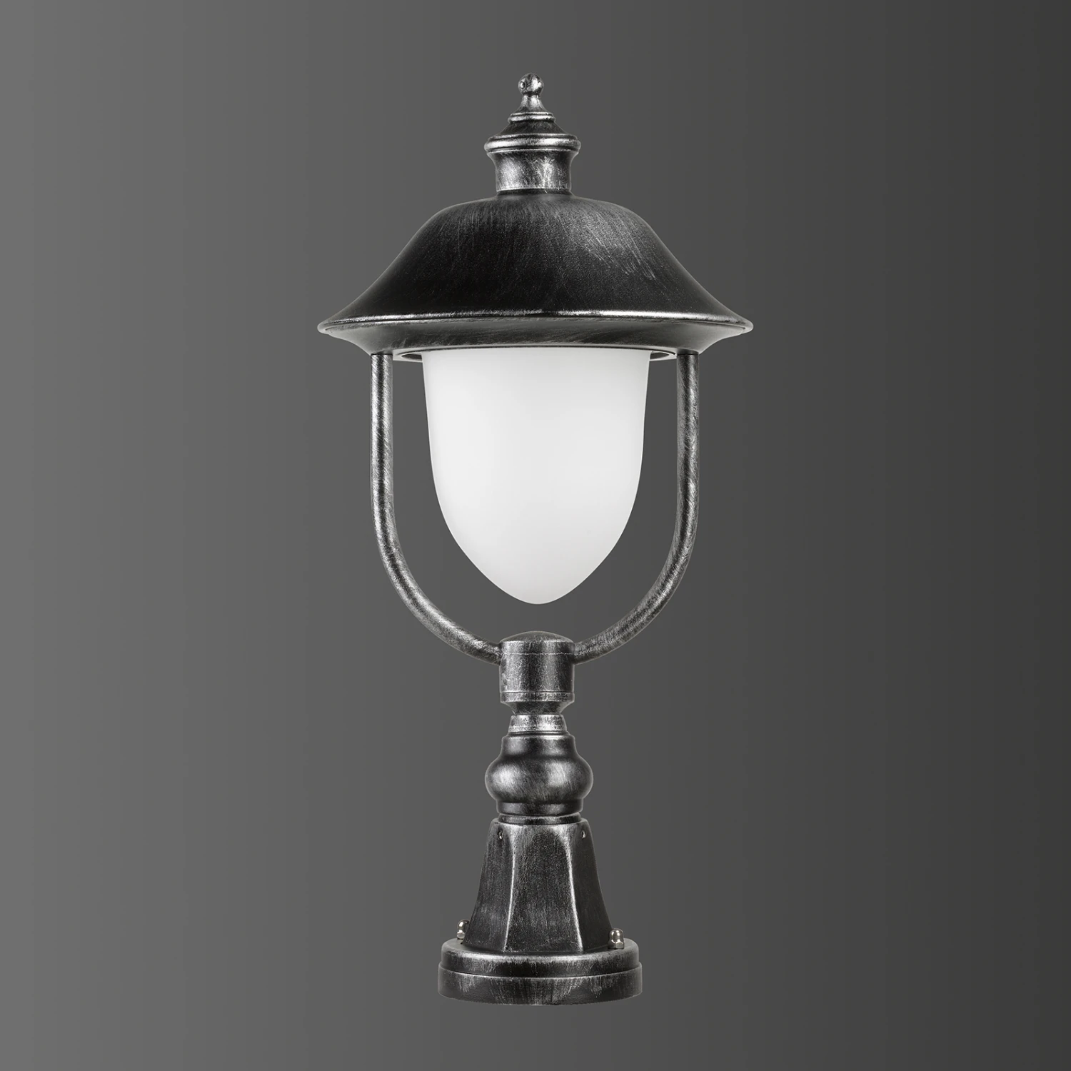 Das antike Design der Sockelleuchte 1156 spiegelt sich nicht nur in der Form-, sondern auch in der Farbgebung wider. Das Gehäuse aus Aluminium-Druckguss ist mit einem schwarz-metallischen Finish veredelt und wird vom abstrahlenden Licht des opalen Leuchtenglases eindrucksvoll in Szene gesetzt. Die ästhetische Form des Glases ist ein weiterer Pluspunkt der Sockelleuchte 1156, die auf jedem Grundstück für eine adäquate Umgebungsausleuchtung sorgt.
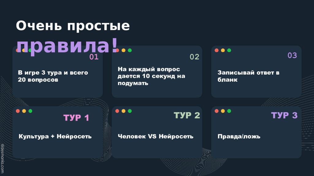 ТУР 3 Очень простые правила! В игре 3 тура и всего 20 вопросов На каждый вопрос дается 10 секунд на подумать Человек VS Нейросеть Записывай ответ в бланк Правда/ложь 01 02 03 ТУР 1 Культура + Нейросеть ТУР 2
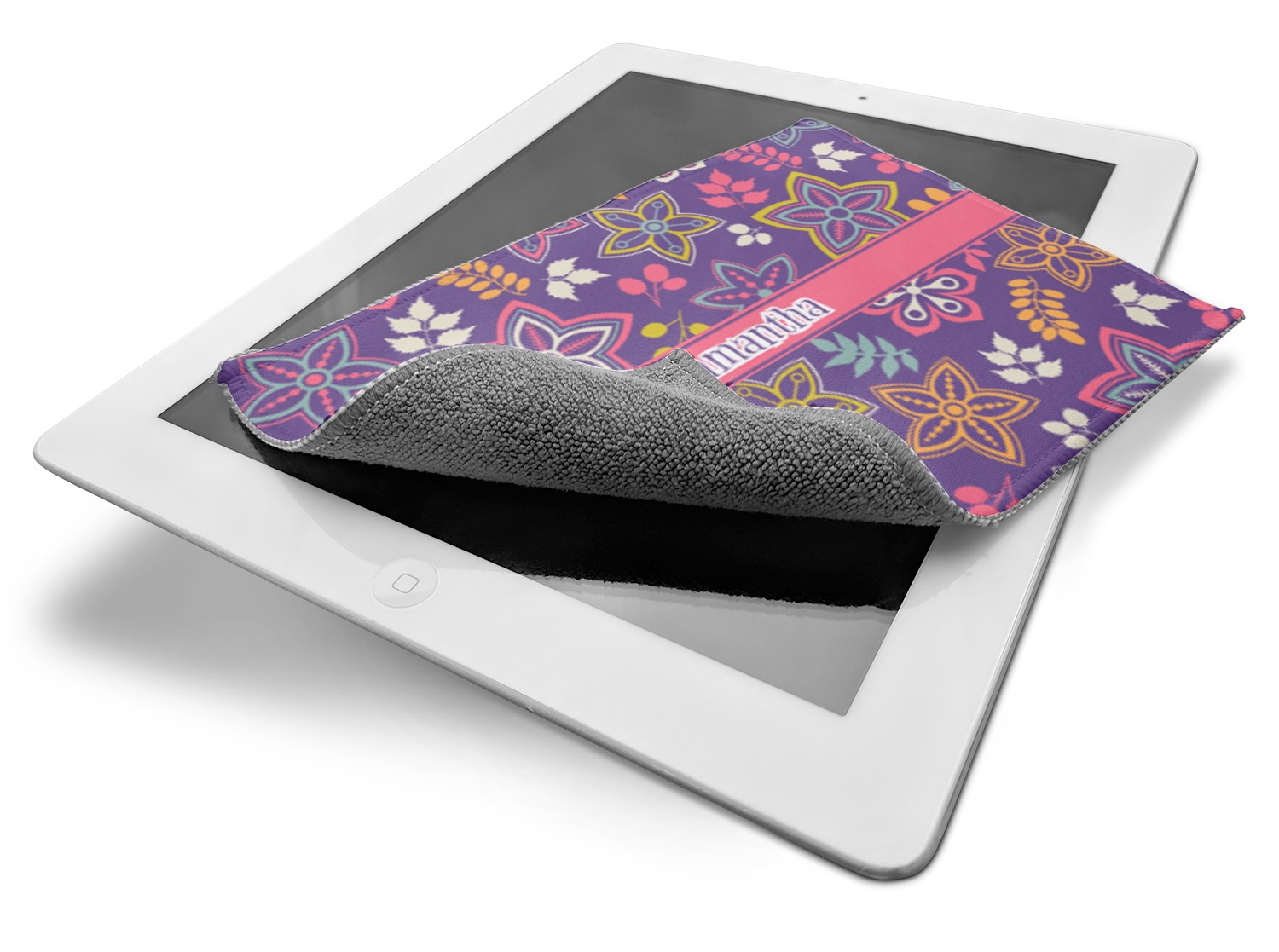 The back of this cleaning cloth is made from a gentle, grey microfiber material, that is masterful at removing smudges, grease, and fingerprints from lenses or electronic screens. The front side of the screen cleaner displays your personalized design in vibrant color. A beautiful stitch lines the edges and secures the microfiber to the polyester top. We provide you with the option of customizing this screen horizontally or vertically, depending on your preferences.
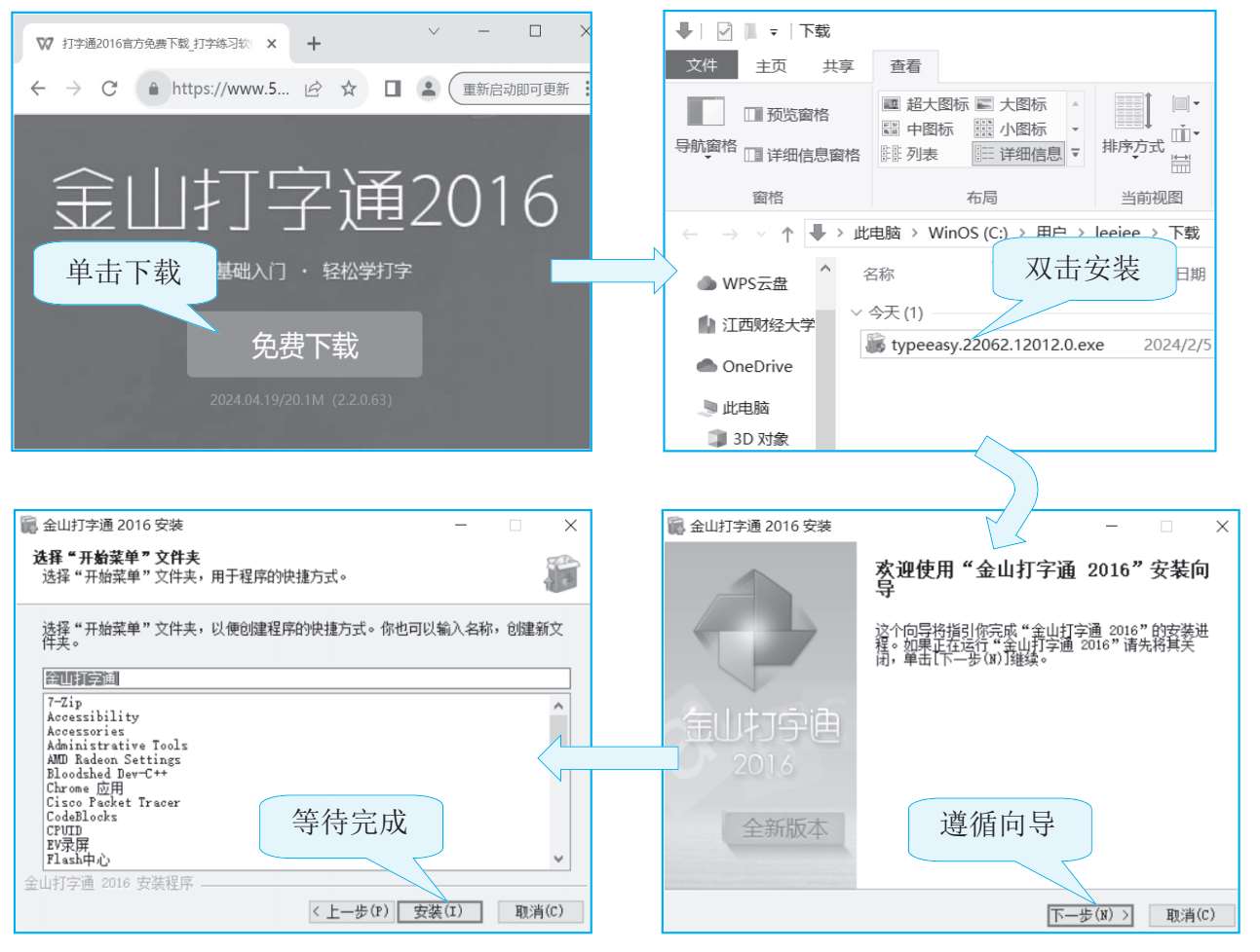 图1-23所示的是下载并安装“金山打字通”指法练习软件的过程。
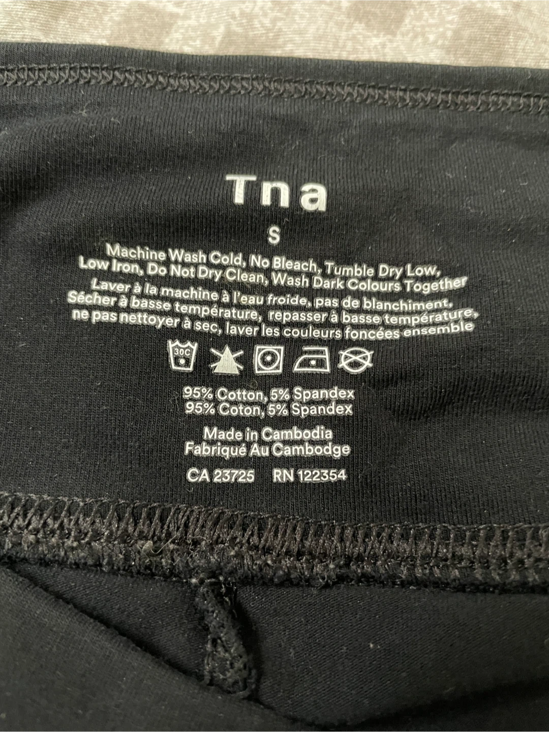 Selling a pair of TNA leggings in black! They're a size small and made with a comfy blend of 95% cotton and 5% spandex. Perfect for everyday wear or working out!
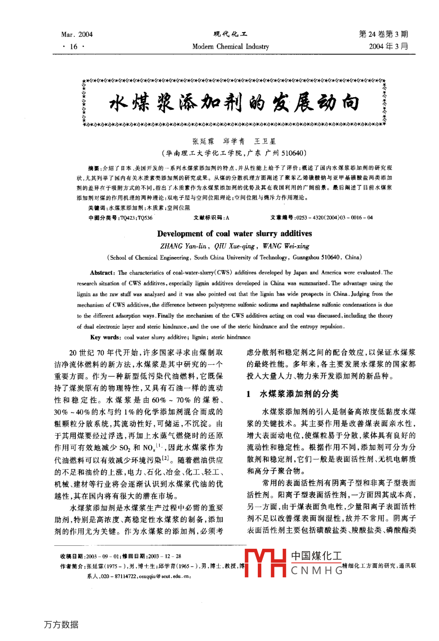 Mar.2004現(xiàn)代化工第24卷第3期16Modern Chemical Industry2004年3月)Q)片《》《《)《增腎)))的對蕭滑)《氵水煤糧添加劑的發(fā)展動向張延寐邱學(xué)青王衛(wèi)星(華南理工大學(xué)化工學(xué)院,廣東廣州510640)摘要:介紹了日本、美國開發(fā)的一系列水煤漿添加劑的特點,并從性能上給予了評價;概述了國內(nèi)水煤漿添加劑的研究現(xiàn)狀,尤其列舉了國內(nèi)有關(guān)木質(zhì)素類添加劑的研究成果。從煤的分散機理方面闡述了聚苯乙烯磺酸鈉與亞甲基磺酸鹽兩類添加劑的差異在于吸附方式的不同,指出了木質(zhì)素作為水煤漿添加劑的優(yōu)勢及其在我國利用的廣闊前景。最后闡述了目前水煤漿添加劑對煤的作用機理的兩種理論:雙電子層與空間位阻理論;空間位阻與熵斥力作用理論。關(guān)鍵調(diào):水煤漿添加劑;木質(zhì)素;空間位阻中圖分類號:TQ423;TQ536文獻標(biāo)識碼:A文章編號:0253-4320(2004)03-0016-04Development of coal water slurry additivesZHANG Yan-lin, QIU Xue-ging, WANG Wei-xing(School of Chemical Engineering, South China University of Technology, Guangzhou 510640, China)bstract:The characteristics of coal-water-slurry(CWS)additives developed by Japan and America were evaluated.Theresearch situation of CWS additives, especially lignin additives developed in China was summarized. The advantage using thein as the raw stuff was analyzed and it was also pointed out that the lignin has wide prospects in China. Judging from theto the different adsorption ways. Finally the mechanism of the CWS additives acting on coal was discussed, including the theoryof dual electronic layer and steric hindrance, und the one of the steric hindrance and the entropy repulsKey words: coal water slurry additive; lignin; steric hindrance20世紀(jì)70年代開始,許多國家尋求由煤制取慮分散劑和穩(wěn)定劑之間的配合效應(yīng),以保證水煤漿潔凈流體燃料的新方法,水煤漿是其中研究的一個的最終性能。多年來,各主要發(fā)展水煤漿的國家都重要方面。作為一種新型低污染代油燃料,它既保投入大量人力、物力來開發(fā)添加劑的新品種。持了煤炭原有的物理特性,又具有石油一樣的流動性和穩(wěn)定性。水煤漿是由60%~70%的煤粉1水煤漿添加劑的分類30%~40%的水與約1%的化學(xué)添加劑混合而成的水煤漿添加劑的引入是制備高濃度低黏度水煤粗顆粒分散系統(tǒng),其流動性好,可儲運,不沉淀。由漿的關(guān)鍵技術(shù)。其主要作用是改善煤表面親水性,于其用煤要經(jīng)過浮選,再加上水蒸氣燃燒時的還原增大表面動電位,使煤粒易于分散,漿體具有良好的作用可有效地減少SO2和NO21,因此水煤漿作為流動性和穩(wěn)定性。根據(jù)作用不同,添加劑可分為分代油燃料可以有效減少環(huán)境污染21。隨著燃油供應(yīng)散劑和穩(wěn)定劑它們一般是表面活性劑、無機電解質(zhì)的不足和油價的上漲,電力、石化、冶金、化工、輕工、和高分子聚合物。機械、建材等行業(yè)將會逐漸認(rèn)識到水煤漿代油的優(yōu)常用的表面活性劑有陰離子型和非離子型表面越性,其在國內(nèi)將有很大的潛在市場。活性劑。陽離子型表面活性劑,一方面因其成本高水煤漿添加劑是水煤漿生產(chǎn)過程中必需的重要另一方面,由于煤表面負(fù)電性,少量陽離子表面活性助劑,特別是高濃度、高穩(wěn)定性水煤漿的制備,添加劑不足以改善煤表面潤濕性,故并不常用。陰離子劑的作用尤為關(guān)鍵。作為水煤漿的添加劑,必須考表面活性劑主要包括磺酸鹽類、羧酸鹽類、磷酸酯類收稿日期:2003-09-01;修回日期:2003-12-28中國煤化工作者簡介:張廷霖(1975-),男,博士生;邱學(xué)青(1965-),男,博士,教授CNMH精細(xì)化工方面的研究,通訊聯(lián)系人,020-8114722,cexqgnu@cet,edu.cne2004年3月張延霖等:水煤漿添加劑的發(fā)展動向17等,其中萘磺酸甲醛縮合物、磺化木質(zhì)素、聚苯乙烯鏡觀察煤表而特征,研究了煤表面結(jié)構(gòu)及其物化性磺酸鹽聚丙烯酸系共聚物是普遍采用的水煤漿添質(zhì)與分散劑的相關(guān)性,并從上百種分散劑中成功研加劑。非離子表面活性劑自面世以來發(fā)展很快,其制出性能優(yōu)良的分散劑ACC-71045.。由此可以看特點是在水中并不電離,親水基主要由分子結(jié)構(gòu)中出,研究添加劑分子結(jié)構(gòu)特征與煤表面物化性能間的含氧官能團提供,水煤漿制備中所用的此類添加的規(guī)律是改變目前添加劑研究中盲目性或經(jīng)驗性的劑多為聚合度不同的環(huán)氧乙烷聚合物。非離子表血關(guān)鍵?;钚詣┑墓餐攸c是它們既可用作分散劑,又能兼美國 Once Fuel公司10報道了一種能改善剪切作穩(wěn)定劑,但到目前為止,因其價格昂貴而尚未被廣穩(wěn)定性和降低黏度的水煤漿添加劑。該添加劑是由泛采用。無機電解質(zhì)主要指氯化鈉、碳酸鈉氫氧化2種表面活性劑復(fù)配而成,每一種表面活性劑具有鈉等。高分子聚合物主要為聚環(huán)氧乙烯、聚丙烯酰不同分子質(zhì)量的親水基足以潤混分散煤顆粒。一種胺、阿拉伯膠等,其在水煤漿中主要用作穩(wěn)定劑。表面活性劑帶有高分子質(zhì)量的氧乙烯基,另一種則2水煤漿添加劑的國內(nèi)外研究現(xiàn)狀帶有低分子質(zhì)量的氧乙烯基,2種表面活性劑共用時可使煤的質(zhì)量分?jǐn)?shù)達到70%以上。21國外研究現(xiàn)狀美國 Nat Distillers化學(xué)公司1報道了一種非離目前國外水煤漿添加劑主
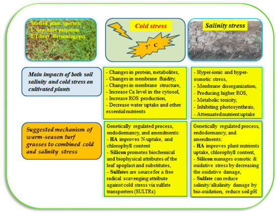 Abiotic stresses (e.g., drought, salinity, and cold stress) inhibit a plant’s water uptake by creating osmotic imbalance or osmotic stress at the root–soil interface, and are considered to be the main factors that limit the growth and development of turfgrasses [10]. There are few studies published about the effect of combined abiotic stresses on turfgrasses (e.g., Torun et al. [11]), whereas the effect of individual stresses such as salinity stress is more widely investigated [10,12]. Cold temperature is a major abiotic stress affecting warm-season turfgrasses that ultimately leads to reduced growth and quality due to wilting and leaf firing [13]. Cold stress may also induce dormancy and affects CO2 absorption during photosynthesis, thus promoting a decline in the photosynthetic production [14]. Warm-season grasses grow most actively within the temperature range 25–35 °C [1], whereas the optimal range for growth of cool-season grasses is 16–24 °C [15]. Turfgrasses of tropical and subtropical origin are susceptible to injuries at temperatures below 12 °C [16]. Plant nutrients (i.e., exogenous and indigenous) have beneficial effects on grass metabolism, including stimulating vital processes that result in greater turfgrass tolerance to abiotic and biotic stresses such as applied calcium [13] or foliar application of amino acids [17]. Thus, the application of amendments could benefit warm-season grasses during the winter in arid/semi-arid regions.
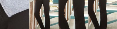 Slightly flared leg pants with a comfy encased elastic waistband and differentiating front and back rise.
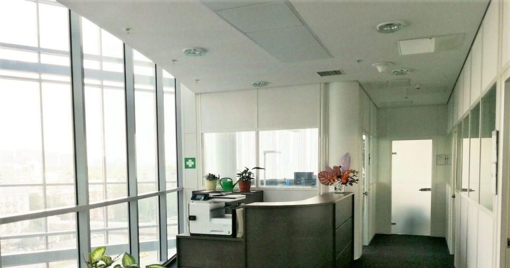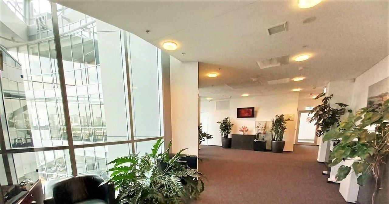 Это современное 9-этажное здание располагает просторной гостевой наземной парковкой для клиентов и подземной стоянкой для сотрудников. Территория комплекса обустроена и декорирована зеленой зоной, обеспечивая приятную атмосферу для отдыха и встреч.
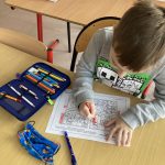 Poznając zawód listonosza, rozwiązywaliśmy łamigłówki, zagadki. Zaprojektowaliśmy swoje własne kartki świąteczne, a także przypomnieliśmy sobie drogę listu od nadawcy do adresata

● ● ●

» **AIM OF THE EXERCISE**
All that should be returned is the run of lines from the start of the entries above to the line bearing "ТУР 3 Очень", each exact, with pictures omitted.

» **RESPONSE TO THIS EXERCISE**
 Das antike Design der Sockelleuchte 1156 spiegelt sich nicht nur in der Form-, sondern auch in der Farbgebung wider. Das Gehäuse aus Aluminium-Druckguss ist mit einem schwarz-metallischen Finish veredelt und wird vom abstrahlenden Licht des opalen Leuchtenglases eindrucksvoll in Szene gesetzt. Die ästhetische Form des Glases ist ein weiterer Pluspunkt der Sockelleuchte 1156, die auf jedem Grundstück für eine adäquate Umgebungsausleuchtung sorgt.
 ТУР 3 Очень простые правила! В игре 3 тура и всего 20 вопросов На каждый вопрос дается 10 секунд на подумать Человек VS Нейросеть Записывай ответ в бланк Правда/ложь 01 02 03 ТУР 1 Культура + Нейросеть ТУР 2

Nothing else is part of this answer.